时态数据库设计,稍有不同(实时行与草稿行) [英] Temporal database design, with a twist (live vs draft rows)

查看:18
本文介绍了时态数据库设计,稍有不同(实时行与草稿行)的处理方法,对大家解决问题具有一定的参考价值,需要的朋友们下面随着小编来一起学习吧!

问题描述

我正在考虑实现对象版本控制,并增加需要同时拥有实时对象和草稿对象的方法,并且可以使用来自某人在这方面的经验的见解,因为我开始怀疑这是否可能没有潜在的可能性可怕的黑客.

I'm looking into implementing object-versioning with the added twist of needing to have both live and draft objects, and could use the insights from someone experience in this, as I'm beginning to wonder if it's even possible without potentially horrific hacks.

为了示例,我会将其分解为带有标签的帖子,但我的用例更通用(涉及缓慢变化的维度 - http://en.wikipedia.org/wiki/Slowly_changed_dimension).

I'll break it down to posts with tags for the sake of the example, but my use-case is a bit more general (involving slowly changing dimensions - http://en.wikipedia.org/wiki/Slowly_changing_dimension).

假设您有一个帖子表、一个标签表和一个 post2tag 表:

Suppose you've a posts table, a tags table, and a post2tag table:

posts (
 id
)

tags (
 id
)

post2tag (
 post_id fkey posts(id),
 tag_id fkey tags(id)
)

我需要一些东西:

  1. 能够准确显示帖子在任意日期时间的样子,包括删除的行.
  2. 跟踪谁在编辑什么,以获得完整的审计跟踪.
  3. 需要一组物化视图(实时"表)以保持参照完整性(即日志记录应该对开发人员透明).
  4. 需要对实时最新的草稿行保持适当的速度.
  5. 能够将草稿帖子与实时帖子共存.
  1. Being able to show exactly how a post looked like at an arbitrary datetime, including for deleted rows.
  2. Keep track of who is editing what, for a complete audit trail.
  3. Needs a set of materialized views ("live" tables) for the sake of keeping referential integrity (i.e. logging should be transparent to the developers).
  4. Needs to be appropriately fast for live and the latest draft rows.
  5. Being able to have a draft post coexist with a live post.

我一直在研究各种选项.到目前为止,我想出的最好的(没有点 #4/#5)看起来有点像 SCD type6-hybrid 设置,但不是有当前的布尔值,而是当前行的物化视图.出于所有意图和目的,它看起来像这样:

I've been investigating various options. So far, the best I've come up with (without points #4/#5) looks a bit like the SCD type6-hybrid setup, but instead of having a current boolean there's a materialized view for the current row. For all intents and purposes, it looks like this:

posts (
 id pkey,
 public,
 created_at,
 updated_at,
 updated_by
)

post_revs (
 id,
 rev pkey,
 public,
 created_at,
 created_by,
 deleted_at
)

tags (
 id pkey,
 public,
 created_at,
 updated_at,
 updated_by
)


tag_revs (
 id,
 public,
 rev pkey,
 created_at,
 created_by,
 deleted_at
)

post2tag (
 post_id fkey posts(id),
 tag_id fkey tags(id),
 public,
 created_at,
 updated_at,
 updated_by
)

post2tag_revs (
 post_id,
 tag_id,
 post_rev fkey post_revs(rev), -- the rev when the relation started
 tag_rev fkey tag_revs(rev), -- the rev when the relation started
 public,
 created_at,
 created_by,
 deleted_at,
 pkey (post_rev, tag_rev)
)

我正在使用 pg_temporal 来维护周期(created_at、deleted_at)上的索引.我使用触发器使各种表保持同步.Yada yada yada... 我创建了触发器,允许取消对帖子/标签的编辑,这样草稿就可以存储到 rev 中而不被发布.效果很好.
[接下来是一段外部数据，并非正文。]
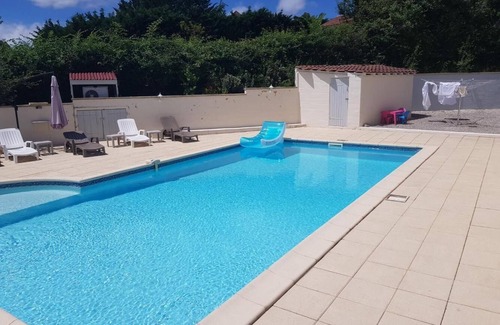 In a countryside environment, in a dominant position, Villa Les Mondoux has everything to please! inside, we appreciate its beautiful volumes, its very bright rooms with large openings, its living room opening onto the covered terrace with a beautiful view of the countryside and its equipment made available such as a computer, the Wii console with games that will delight the whole family, wifi !! Outside, we like the heated swimming pool and the pleasant garden to play ball or relax on the deckchairs! Access to the cottage through the covered shelter, then laundry room with freezer and table football, hall giving access to the dining room, the fully equipped kitchen, and the living room with sofas, flat screen TV, insert. Office with library, DVD and computer available. On this same level, a bedroom with 2 single beds, shower room + wc. Upstairs, 2 bedrooms, one with a 140 cm bed and bathroom + wc, and the other with a 160 cm bed, 1 90 cm bed and its shower room + wc. wifi, electric heating. Unfenced land. Heated swimming pool, salt 10m/5m depth 1.70m open from mid-April to mid-October (subject to weather conditions).

I'm using pg_temporal to maintain indexes on period(created_at, deleted_at). And I keep the various tables in sync using triggers. Yada yada yada... I created the triggers that allow to cancel an edit to posts/tags in such a way that the draft gets stored into the revs without being published. It works great.

除非我需要担心 post2tag 上的草稿行相关关系.在那种情况下,一切都变得混乱了,这向我暗示我在那里遇到了某种设计问题.但我的想法不多了...

Except when I need to worry about draft-row related relations on post2tag. In that case, all hell breaks loose, and this hints to me that I've some kind of design problem in there. But I'm running out of ideas...

我考虑过引入数据重复(即为每个修订草案引入 n 个 post2tag 行).这种工作,但往往比我希望的要慢得多.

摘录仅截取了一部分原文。